As quick as Americans are to jump on a leader's bandwagon, when we are played for a fool as we appear to have been by the Lance machine, we're eager to extract our pound of flesh in vengeance.

When I think of all the cancer patients who drew inspiration from Lance's story, I'm sad. How many sick kids and adults hung on his every word and racing success so that they could endure another day, thinking if Lance could do it, surely they could, too.

Many Lance fans feel that they could tolerate his use of performance-enhancing drugs because seemingly everyone was doing it at the time. But the lies and bullying have caused them to reach a tipping point, and no amount of Oprah is going to soothe that wound.

In my lifetime, I've seen Nixon resign, Bill Clinton rise from the ashes of a sex scandal and Tiger Woods find his way back from punch line to pro-golfing elite. Heck, I'd even vote for Pete Rose to get into the Hall of Fame.

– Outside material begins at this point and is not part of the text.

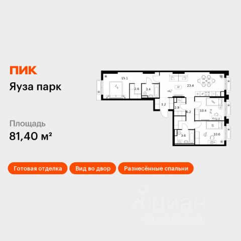 Продаётся 3-комн. квартира площадью 85,3 кв.м на 8 этаже 24 этажного дома (Корпус 12, Секция 1) проекта ПИК Яуза парк. Светлый просторный подъезд на уровне земли, функциональная планировка, большие окна, предчистовая отделка. Жилой квартал "Яуза парк" возводится в Мытищах, в 5 минутах ходьбы от одноимённой ж/д станции. Проект включает 20 домов разной этажности с благоустроенными дворами-парками. Сейчас в квартале началось строительство новых корпусов 7-12. Это отличная возможность купить квартиру по стартовой цене. Вблизи жилого квартала появятся шумопоглощающие экраны, позволяющие забыть о том, что неподалёку находятся железнодорожные пути. На первых этажах домов откроются магазины, кафе, салоны красоты и другие полезные сервисы. Рядом есть школы и детские сады, магазины и ТРЦ "Красный кит". На территории проекта появится благоустроенная набережная реки Яузы и пешеходный бульвар для прогулок всей семьёй. Водонапорную башню XIX века, расположенную на территории "Яуза парка", мы реставрируем и создадим вокруг неё общественное пространство для отдыха жителей квартала. Для прогулок отлично подойдёт Мытищинский центральный парк культуры и отдыха, расположенный в 10 минутах ходьбы, и Лосиный остров — в 24 минутах. Дорога на автомобиле до Ярославского шоссе займёт не более 3 минут, до МКАД — 10 минут. Артикул 1000690 (Застройщик ООО "Специализированный "НМ-Консалт")
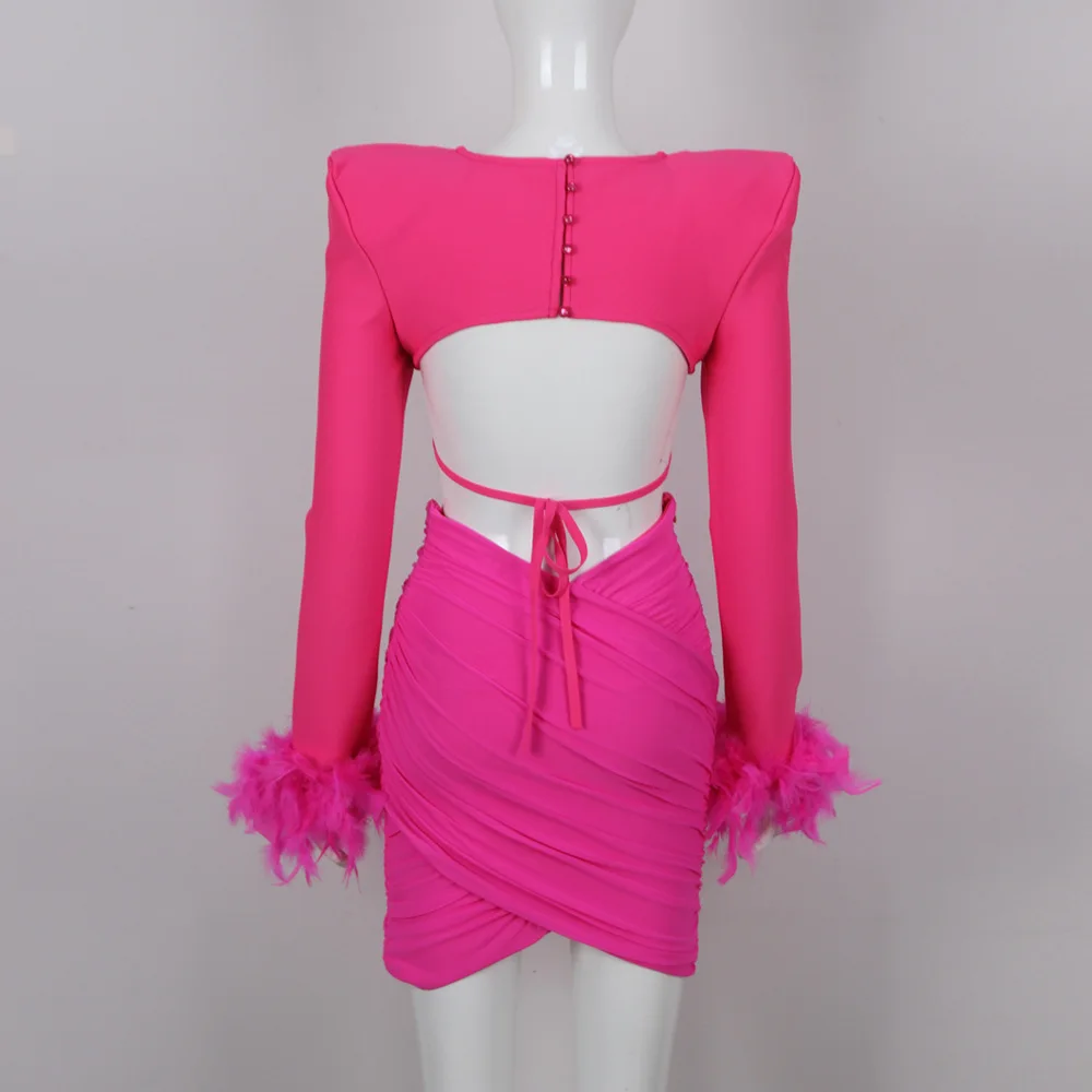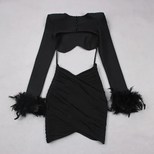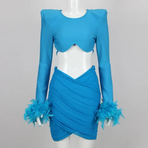Product Name: Women’s New Long-Sleeved Commuting Dress with Feather Temptation Skinny Fit Two Piece French Skirt Set Solid Pattern

 It's going to take a while for Lance. The fact that he built a web of lies to protect himself and then shrouded it all in the goodness of a cancer-fighting foundation seems tawdry and borderline unforgivable.

This isn't as easy as sitting on Oprah's couch for two nights, crying a bit, and then giving the ol' "my bad." I think about his poor mother and how this news might affect her. I think about his kids being harassed at school.

I think I'm going to fold up my Lancey-pants and put them back in the closet and do the same with my emotions while I allow this enough time to sink in and I can make a decision about Lance's legacy.

In the meantime, I'm going to keep my Livestrong wristband, and I'm going to support everyone who has been touched by cancer because that's a cause in which we cannot fail.

So get out there and run today, even if you aren't in the one-name club.